“The boarding car,” Lily said. “Stunning, isn’t it?”
“I thought the carriage we came from was the boarding car?” Raya glanced back at the frame they had just stepped through. A star-filled horizon stared back at her.
“We haven’t left it.” Lily patted the oak’s trunk. “But now you can view and appreciate the décor the boarding team meticulously prepared to welcome you on board. Do you like it?”
A force, the kind that pushed against you when you took a sharp turn, shoved Raya to the grass. The ground rumbled against her cheek. She sat up, her palms pressed to the vibrating soil. “We’re moving.”
“Like I said, the train never stops.”
Raya stood up and spat out dirt. “This isn’t a train.”
“Do you ride the subway often, Ms. Sia?”
“Yes. Why?”
“Good. That makes my job a lot easier. A stranger to trains would have a harder time understanding what the Elsewhere Express is. A regular rider such as yourself should be more than familiar with the vacant stares that fill a train car.”
The glazed stares of the subway passengers who had left their seats and disappeared into their daydreams flashed in Raya’s mind. “What if I am?”
“This means that you already know the truth about trains,” Lily said. “Every train, no matter how full, is—”
“Empty.” The word slipped from Raya’s lips so quietly that she wondered if she had said it out loud.
Lily nodded. “Thoughts carry people away. Once created, thoughts don’t just vanish into thin air. They can’t. They need a place to go.” Lily looked out at the meadow. “And so, those thoughts come here.”
Raya’s head throbbed.
“Some passengers find it easier to grasp what the Elsewhere Express is when it’s broken up into parts.” Lily gazed up at the canopy of glowing numbers. “This tree, for example, grew from the imagination of a young man pondering his math exam.”
“You’re telling me that this whole place is someone’s daydream?”
Lily shook her head. “No, that would be impossible. There aren’tany daydreams this large. This tree is from the young man, but the meadow is from a daydream of a passenger who was picturing the animal sanctuary she’s hoping to build one day. Mr. Nakamura, in my opinion, couldn’t have made a better choice. Many on the Elsewhere Express see the train as a kind of sanctuary too.”
Lily’s words screeched like fingernails down a chalkboard in Raya’s ears.
“Is something wrong, Ms. Sia?”
Bile churned in Raya’s stomach. “The Elsewhere Express is a sanctuary…”
Lily smiled. “That’s correct.”
“A place where the lost and helpless go.” The edges of Raya’s voice hardened and hissed like iron quenched in water.
Lily’s smile slipped off. “That’s not what I meant.”
Raya pulled her spine as straight as she could. “I didn’t ask to be rescued.”
“Neither did anyone force you to board this train, Ms. Sia. All the Elsewhere Express did was open its doors.” Lily refastened her smile, tugging it wider than before. “And speaking of doors, the boarding car’s exit is over there.” She gestured to an empty stretch of grass to the left of the tree.

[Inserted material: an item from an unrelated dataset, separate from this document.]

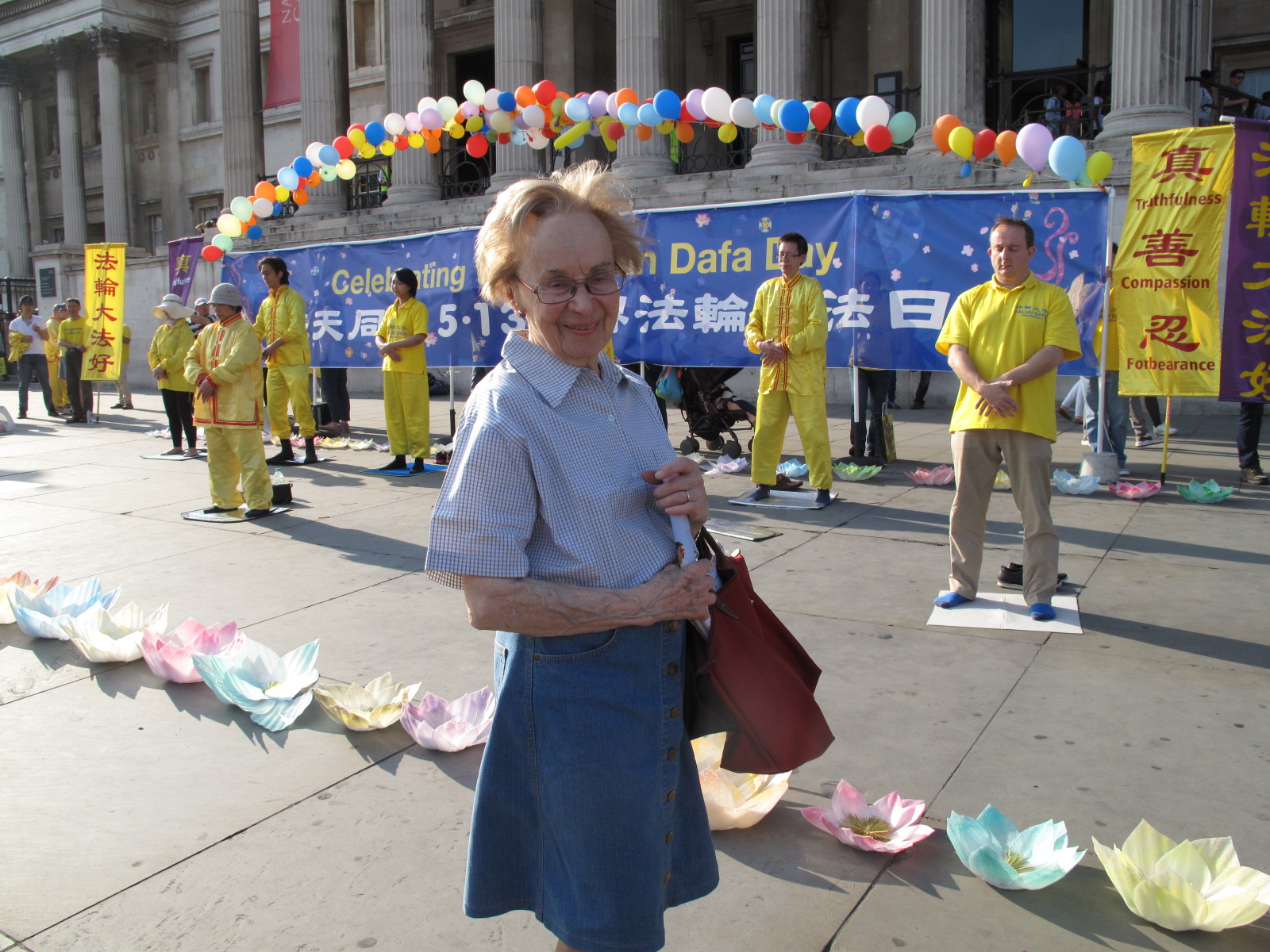 已经九十二岁的莉娜(Leena)祖籍波兰,在英国生活四十多年了,现居伦敦,体态优雅行动自如的老人家看起来比她的年龄年轻很多。看到她面带快乐笑容驻足良久观看法轮功学员炼功,有学员走上前去跟老人打招呼。她介绍说自己几天前途经圣马丁广场时遇到了法轮功学员,被法轮功真相所震撼和吸引,法轮功学员向她提及了将在五月八日举行的庆祝法轮大法日的活动,结果莉娜老人在人陪伴下专程来了,她对法轮功学员说:“看到你们把这样的(大法美好)信息带到这里,我太高兴了!”并表示要感谢法轮功学员,她自己好像一生都在等这个信息。
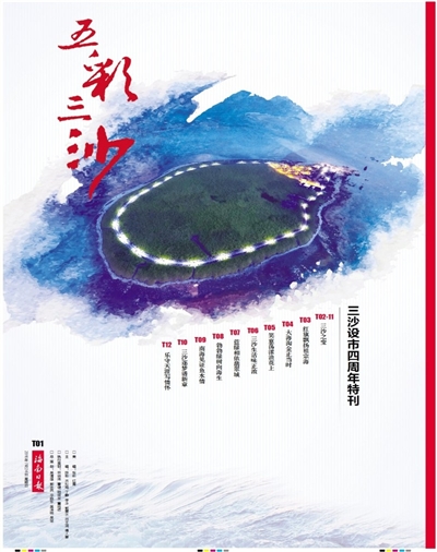 特刊共12个版,内容丰富、编排新颖。围绕三沙成长历程,创新性地用红、橙、金、绿、蓝五种颜色来描绘三沙的主要发展亮点。其中,庄严的红色代表政权建设,活力的橙色代表民生事业,富贵的金色代表产业发展,希望的绿色代表生态保护,而那海天一体、最广阔的蓝色,则代表三沙军民鱼水一家亲,共同融入这片神圣的蓝色国土。此外,还有一个图片跨版和一个大事记版面,用大量鲜活生动的照片和简明扼要的梳理,真实地展现三沙在交通、生态、教育、生活等方方面面发生的巨大变化。而这一切变化,都离不开默默奉献、不畏艰险的三沙人,为此,特刊还以一个整版的形式,对三沙先进典型这一群像进行勾勒和速写。敬请关注。(详见今日T01版—T12版)

Raya squinted at the fluttering leafy shadows. “There’s nothing there.”
“That’s why we brought the frame. Do you mind holding it up?”
Raya kept the frame firmly at her side. She had clung to the edge of reason from the moment she found herself inside a strange vintage train car. To do as Lily asked was to pry her fingers from this cliff and fall. “Then what? We step into another train car that looks nothing like a train car? I drown in more questions that you’ll continue to ignore?”
“The sooner we leave the boarding car, the sooner you’ll have your answers, Ms. Sia. I’ll tell you everything you need to know at the passenger orientation.”
Raya clenched and unclenched her jaw. If she was going to have any hope of finding her way home, she needed to know where she was. Her fingers trembled around the gilded frame. She lifted it tothe level of her eye, copying what she had seen Lily do. Blurry golden strings coiled, twisted, and twirled inside it.